The Communication Workers Union (CWU) on Sunday said their demonstration at the embattled South African Broadcasting Corporation (SABC) was a success.
This after the union received a letter of invitation from the SABC requesting to meet with them to discuss alternatives to retrenchments.
The meeting will take place on Monday, and the CWU confirmed they would attend.
“We will be giving feedback at the picketing lines on Monday after the meeting.”
As part of the CWU’s industrial action, no interviews will be conducted with the union on SABC radio or TV.
“We know very well that it is not over and may be far before it’s over, however we are happy that our action can be coined as a successful protest.”
The union has encouraged CWU members and SABC employees to continue to embark on industrial action “until our demands are met.”
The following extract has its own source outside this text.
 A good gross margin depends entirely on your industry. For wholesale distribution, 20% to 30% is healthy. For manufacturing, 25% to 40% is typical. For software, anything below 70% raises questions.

“Those who are working are actually making it easier for management to continue with their plants to retrench.
“We further salute our members and workers who are on strike and encourage them to continue with the strike.”
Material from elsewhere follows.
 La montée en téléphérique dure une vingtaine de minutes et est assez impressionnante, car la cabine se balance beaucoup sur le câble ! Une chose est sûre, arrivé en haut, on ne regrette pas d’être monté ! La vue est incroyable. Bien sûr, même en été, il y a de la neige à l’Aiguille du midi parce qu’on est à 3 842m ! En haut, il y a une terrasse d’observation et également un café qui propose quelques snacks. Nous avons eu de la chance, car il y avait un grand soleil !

Employees were issued Section 189 notices earlier this week, which intends to restructure the company as a cost cutting measure.
Government has implored the broadcaster to seek alternative options and to prioritise preserving jobs.
Not all board members at the SABC are comfortable with the inevitable retrenchments going ahead, with SABC board deputy chairperson Mamodupi Mohlala-Mulaudzi telling The Citizen this week that five members stood in solidarity with staff members.
She slammed the process as having come at the worst time, and said it had a “serious impact on staff morale.”
Although government is a shareholder of the SABC, the board is able to make an independent decision, which people fear may mean retrenching hundreds of staff members.
On Friday, the SABC made the decision to suspend the Section 189 notices for seven days, while it engages with its stakeholders.
Its 2019-2020 annual report revealed a net loss of R511 million, a 12% decline of total revenue, a R791 million TV licence revenue reduction, and R202 million in irregular expenditure. Fruitless and wasteful expenditure declined by 87% to R27 million.
Staff salaries account for 43% of the company’s total expenditure.